WHAT TO WORK ON: Using the data below, return word for word every line from the one holding "Fantastic Red Prémium" down to the one holding "ภาพ 17 มังกรดำ". Leave pictures out.

*** EXERCISE DATA Section Begins ***

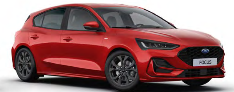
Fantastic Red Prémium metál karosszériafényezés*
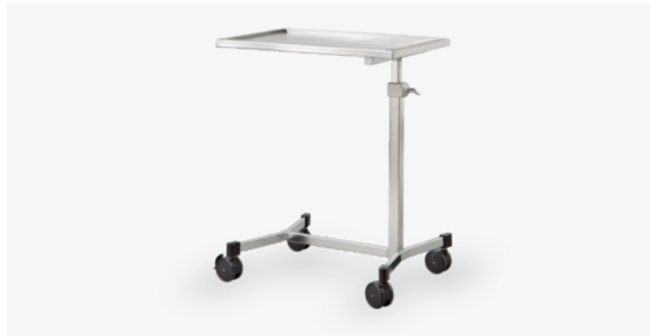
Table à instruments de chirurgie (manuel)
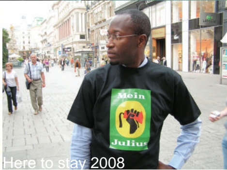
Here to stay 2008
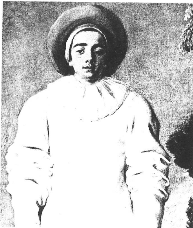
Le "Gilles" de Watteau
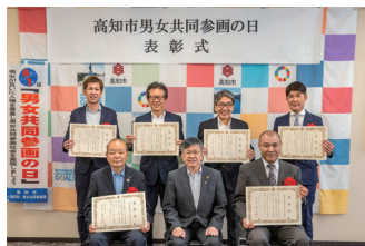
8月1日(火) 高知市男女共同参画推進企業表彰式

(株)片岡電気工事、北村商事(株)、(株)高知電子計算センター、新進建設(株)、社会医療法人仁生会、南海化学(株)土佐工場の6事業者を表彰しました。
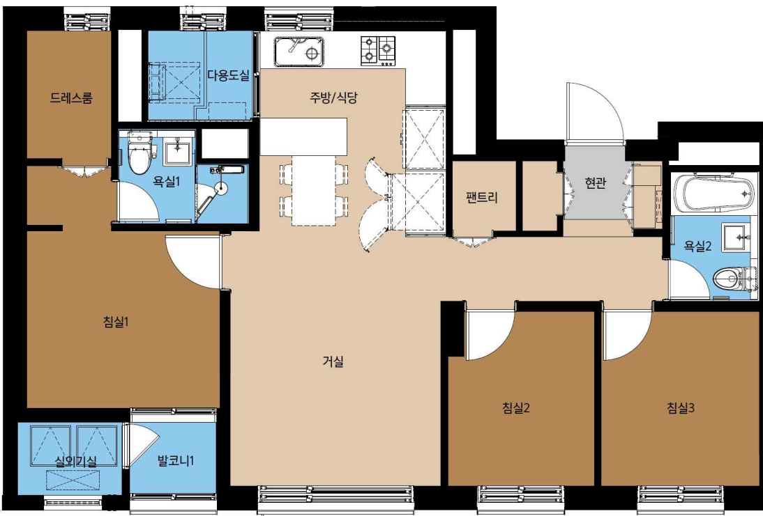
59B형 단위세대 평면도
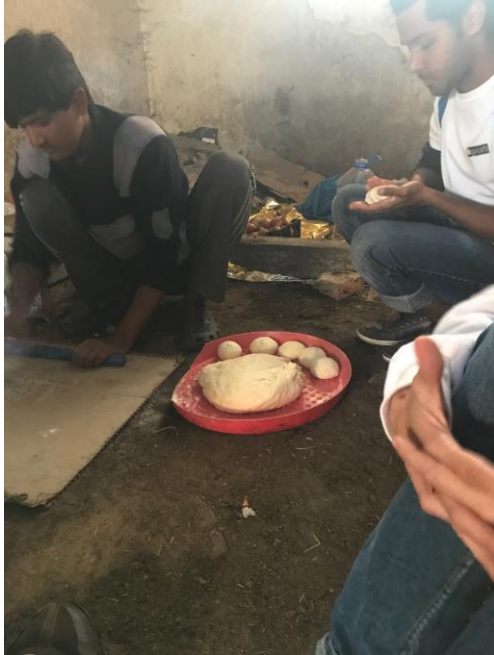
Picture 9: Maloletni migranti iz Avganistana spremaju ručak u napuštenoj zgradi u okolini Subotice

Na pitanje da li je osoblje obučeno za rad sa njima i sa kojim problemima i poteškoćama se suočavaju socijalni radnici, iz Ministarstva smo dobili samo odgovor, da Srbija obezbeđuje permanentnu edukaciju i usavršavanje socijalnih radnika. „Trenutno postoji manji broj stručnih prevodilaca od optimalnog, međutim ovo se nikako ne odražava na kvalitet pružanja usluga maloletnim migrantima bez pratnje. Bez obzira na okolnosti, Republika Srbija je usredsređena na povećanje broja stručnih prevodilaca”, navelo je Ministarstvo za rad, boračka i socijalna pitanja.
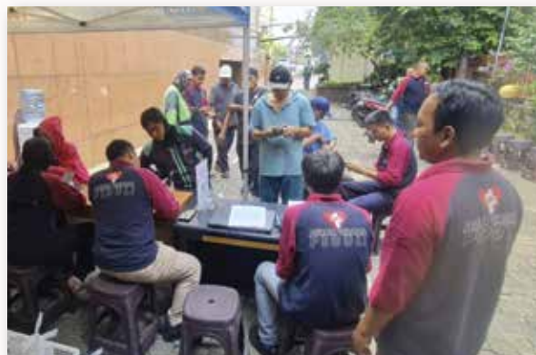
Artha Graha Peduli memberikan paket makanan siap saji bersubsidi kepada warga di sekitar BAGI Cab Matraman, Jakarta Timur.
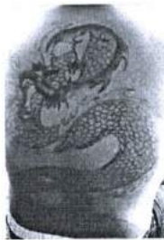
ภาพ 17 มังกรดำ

*** EXERCISE DATA Section Ends ***
*** EXERCISE DATA Section Begins ***

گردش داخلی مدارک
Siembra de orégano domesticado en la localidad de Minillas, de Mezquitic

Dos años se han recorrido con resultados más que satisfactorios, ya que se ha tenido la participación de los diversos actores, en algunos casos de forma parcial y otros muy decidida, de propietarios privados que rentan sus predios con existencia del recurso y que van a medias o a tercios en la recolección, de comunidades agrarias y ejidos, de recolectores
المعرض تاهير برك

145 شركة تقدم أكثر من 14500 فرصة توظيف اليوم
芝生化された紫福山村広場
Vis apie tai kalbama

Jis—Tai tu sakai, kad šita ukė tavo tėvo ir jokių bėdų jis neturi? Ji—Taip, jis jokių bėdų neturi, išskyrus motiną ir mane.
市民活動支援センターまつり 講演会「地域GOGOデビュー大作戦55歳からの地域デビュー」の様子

*** EXERCISE DATA Section Ends ***
*** EXERCISE DATA Section Begins ***

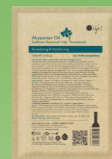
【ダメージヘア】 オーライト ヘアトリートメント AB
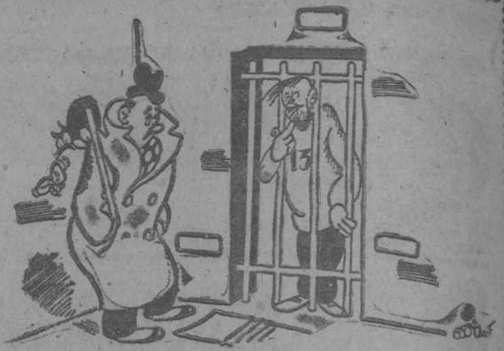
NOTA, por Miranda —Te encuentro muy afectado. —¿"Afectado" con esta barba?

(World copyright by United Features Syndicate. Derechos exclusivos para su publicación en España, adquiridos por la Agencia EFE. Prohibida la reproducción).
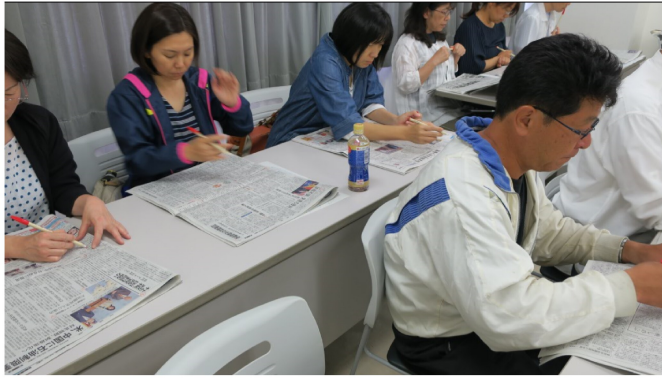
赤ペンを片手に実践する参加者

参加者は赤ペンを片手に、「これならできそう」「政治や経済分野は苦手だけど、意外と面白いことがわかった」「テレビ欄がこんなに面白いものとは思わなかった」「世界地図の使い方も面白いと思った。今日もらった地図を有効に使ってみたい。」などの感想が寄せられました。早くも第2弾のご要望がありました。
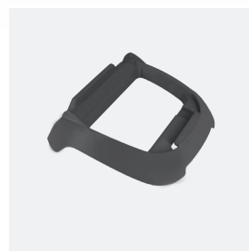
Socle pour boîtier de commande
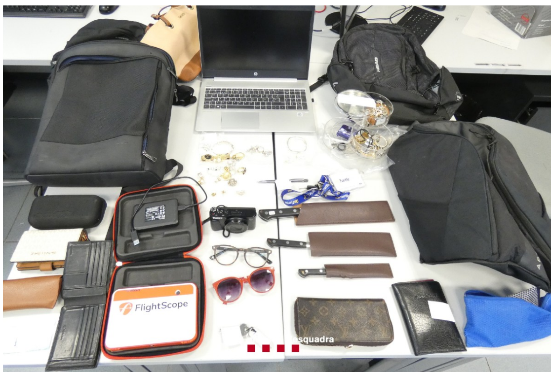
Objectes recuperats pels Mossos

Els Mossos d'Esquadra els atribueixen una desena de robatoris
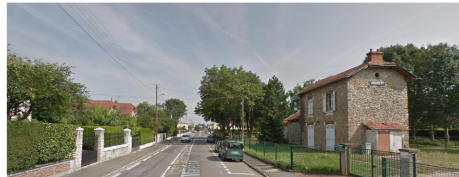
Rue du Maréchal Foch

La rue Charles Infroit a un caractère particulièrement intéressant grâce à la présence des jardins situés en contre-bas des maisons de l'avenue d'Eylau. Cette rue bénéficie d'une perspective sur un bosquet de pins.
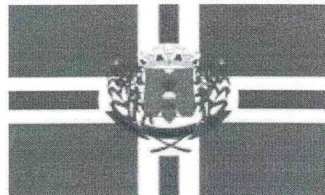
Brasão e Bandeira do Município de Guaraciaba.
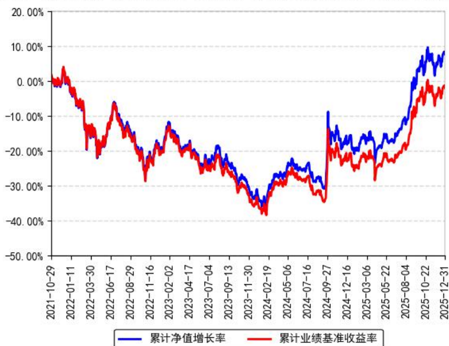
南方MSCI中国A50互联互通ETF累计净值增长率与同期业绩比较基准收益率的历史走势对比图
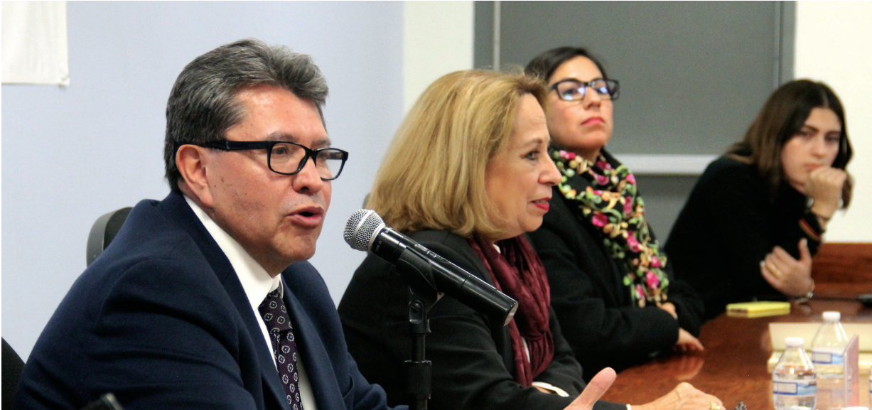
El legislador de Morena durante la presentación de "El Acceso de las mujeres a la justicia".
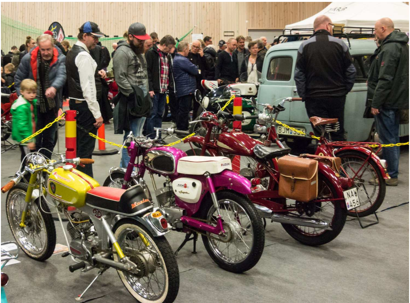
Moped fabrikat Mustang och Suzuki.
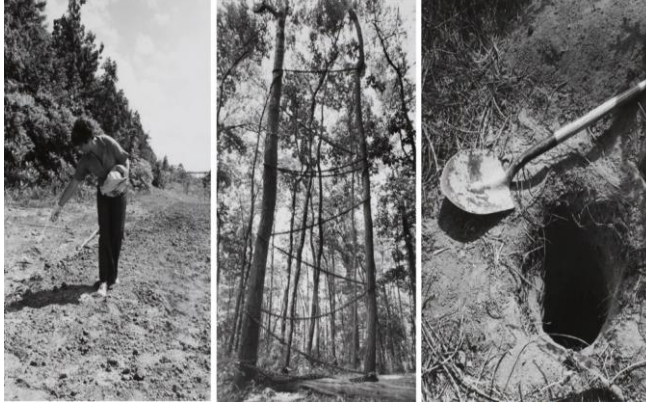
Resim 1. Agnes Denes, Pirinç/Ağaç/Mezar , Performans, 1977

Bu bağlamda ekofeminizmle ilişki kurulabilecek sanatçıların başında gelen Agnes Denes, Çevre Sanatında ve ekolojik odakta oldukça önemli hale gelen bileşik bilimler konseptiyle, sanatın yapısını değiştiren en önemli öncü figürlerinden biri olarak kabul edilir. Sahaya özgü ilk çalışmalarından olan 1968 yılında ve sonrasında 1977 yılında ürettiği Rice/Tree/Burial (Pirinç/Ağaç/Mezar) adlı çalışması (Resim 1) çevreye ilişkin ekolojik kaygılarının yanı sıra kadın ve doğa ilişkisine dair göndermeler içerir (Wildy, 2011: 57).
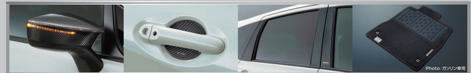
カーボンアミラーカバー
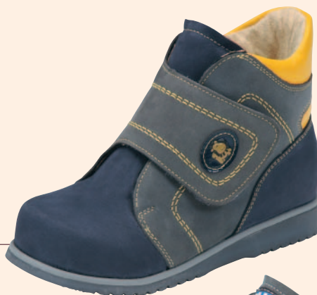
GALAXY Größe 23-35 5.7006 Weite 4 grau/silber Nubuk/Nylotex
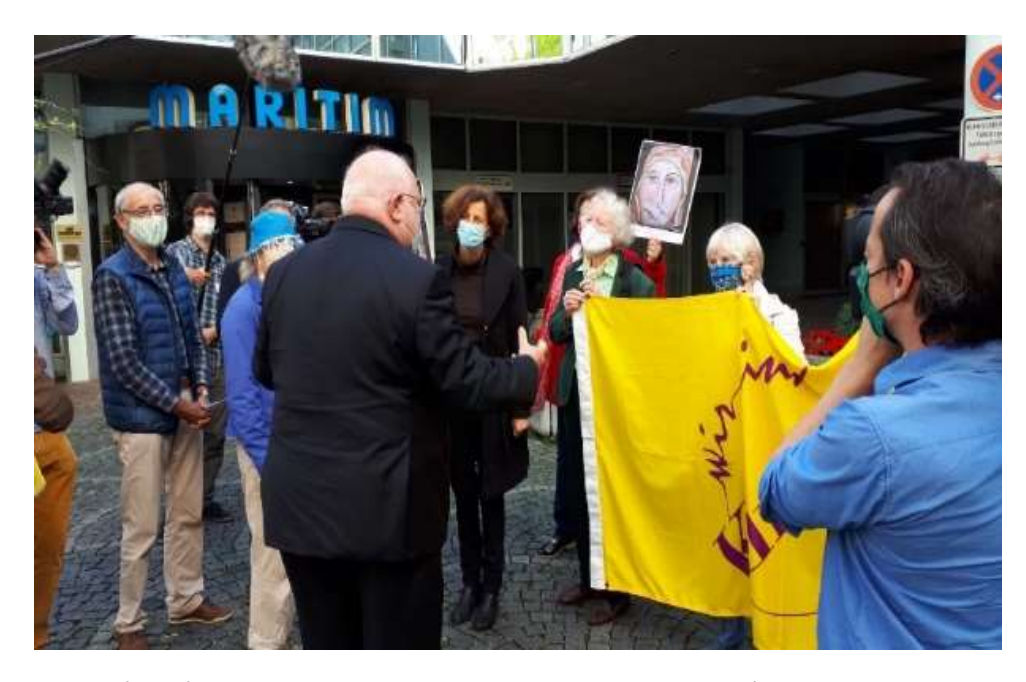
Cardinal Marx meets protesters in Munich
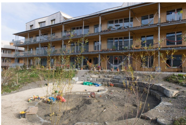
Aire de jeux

*** EXERCISE DATA Section Ends ***

RESULT OF THIS EXERCISE:
Fantastic Red Prémium metál karosszériafényezés*
Table à instruments de chirurgie (manuel)
Here to stay 2008
Le "Gilles" de Watteau
8月1日(火) 高知市男女共同参画推進企業表彰式

(株)片岡電気工事、北村商事(株)、(株)高知電子計算センター、新進建設(株)、社会医療法人仁生会、南海化学(株)土佐工場の6事業者を表彰しました。
59B형 단위세대 평면도
Picture 9: Maloletni migranti iz Avganistana spremaju ručak u napuštenoj zgradi u okolini Subotice

Na pitanje da li je osoblje obučeno za rad sa njima i sa kojim problemima i poteškoćama se suočavaju socijalni radnici, iz Ministarstva smo dobili samo odgovor, da Srbija obezbeđuje permanentnu edukaciju i usavršavanje socijalnih radnika. „Trenutno postoji manji broj stručnih prevodilaca od optimalnog, međutim ovo se nikako ne odražava na kvalitet pružanja usluga maloletnim migrantima bez pratnje. Bez obzira na okolnosti, Republika Srbija je usredsređena na povećanje broja stručnih prevodilaca”, navelo je Ministarstvo za rad, boračka i socijalna pitanja.
Artha Graha Peduli memberikan paket makanan siap saji bersubsidi kepada warga di sekitar BAGI Cab Matraman, Jakarta Timur.
ภาพ 17 มังกรดำ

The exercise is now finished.